**EXERCISE INSTRUCTIONS:**
The copy should hold exactly the lines below from the one that contains "Saiyan Broly Green" through the one that contains "Set of 2 Polished" and nothing else, so no pictures.

**INPUT DATA:**
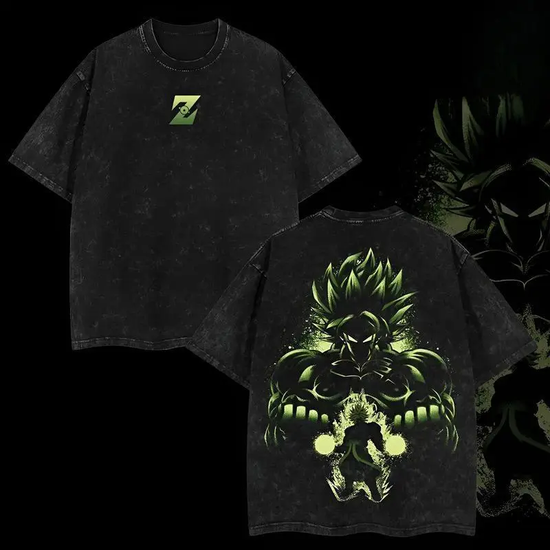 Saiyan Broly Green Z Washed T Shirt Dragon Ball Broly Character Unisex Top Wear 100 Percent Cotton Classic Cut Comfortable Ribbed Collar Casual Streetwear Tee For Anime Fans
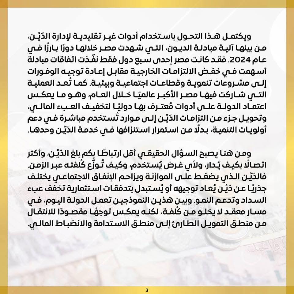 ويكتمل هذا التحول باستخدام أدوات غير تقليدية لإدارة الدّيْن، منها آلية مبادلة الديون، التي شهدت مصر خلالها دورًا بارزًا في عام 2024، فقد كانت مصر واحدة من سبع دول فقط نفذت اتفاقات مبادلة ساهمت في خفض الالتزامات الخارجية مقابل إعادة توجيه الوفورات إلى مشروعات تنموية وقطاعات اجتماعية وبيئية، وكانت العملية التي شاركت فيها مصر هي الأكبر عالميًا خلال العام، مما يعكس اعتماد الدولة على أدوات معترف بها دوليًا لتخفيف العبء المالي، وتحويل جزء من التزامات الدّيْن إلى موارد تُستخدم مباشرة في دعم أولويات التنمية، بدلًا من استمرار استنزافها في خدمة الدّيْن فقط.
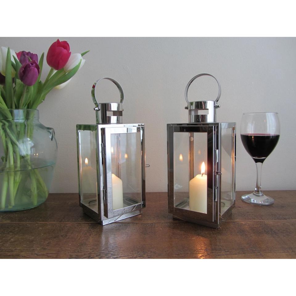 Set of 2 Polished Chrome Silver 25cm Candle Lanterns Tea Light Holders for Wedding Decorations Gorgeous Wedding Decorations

...

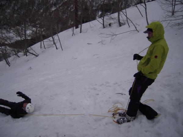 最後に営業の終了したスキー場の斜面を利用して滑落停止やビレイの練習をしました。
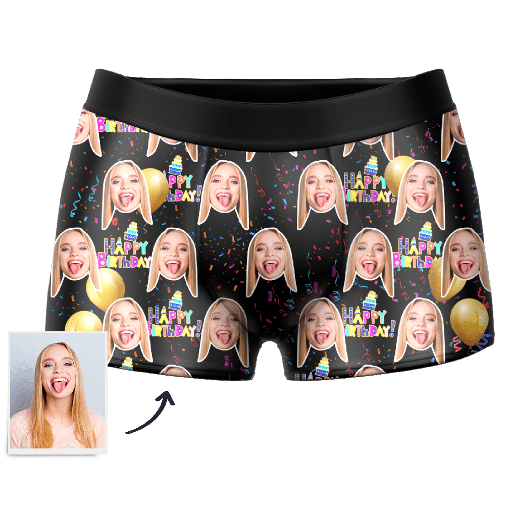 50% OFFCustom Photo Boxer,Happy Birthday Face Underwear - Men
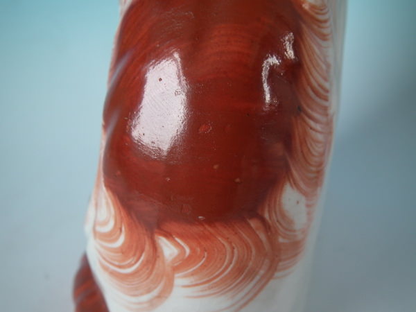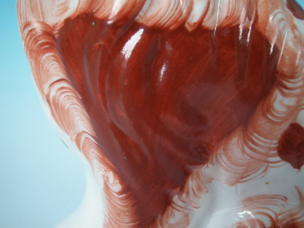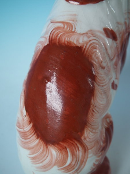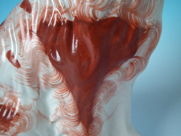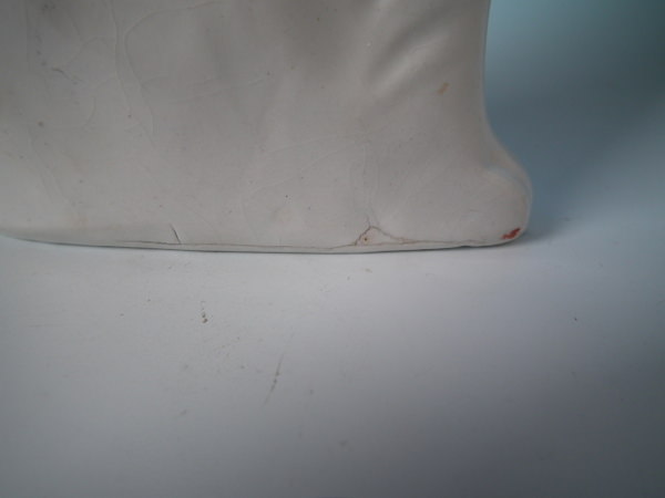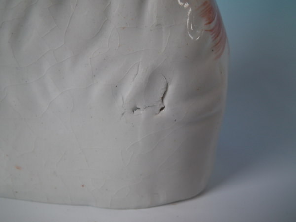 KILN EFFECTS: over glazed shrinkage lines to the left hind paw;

**TASK RESPONSE:**
 Saiyan Broly Green Z Washed T Shirt Dragon Ball Broly Character Unisex Top Wear 100 Percent Cotton Classic Cut Comfortable Ribbed Collar Casual Streetwear Tee For Anime Fans
 ويكتمل هذا التحول باستخدام أدوات غير تقليدية لإدارة الدّيْن، منها آلية مبادلة الديون، التي شهدت مصر خلالها دورًا بارزًا في عام 2024، فقد كانت مصر واحدة من سبع دول فقط نفذت اتفاقات مبادلة ساهمت في خفض الالتزامات الخارجية مقابل إعادة توجيه الوفورات إلى مشروعات تنموية وقطاعات اجتماعية وبيئية، وكانت العملية التي شاركت فيها مصر هي الأكبر عالميًا خلال العام، مما يعكس اعتماد الدولة على أدوات معترف بها دوليًا لتخفيف العبء المالي، وتحويل جزء من التزامات الدّيْن إلى موارد تُستخدم مباشرة في دعم أولويات التنمية، بدلًا من استمرار استنزافها في خدمة الدّيْن فقط.
 Set of 2 Polished Chrome Silver 25cm Candle Lanterns Tea Light Holders for Wedding Decorations Gorgeous Wedding Decorations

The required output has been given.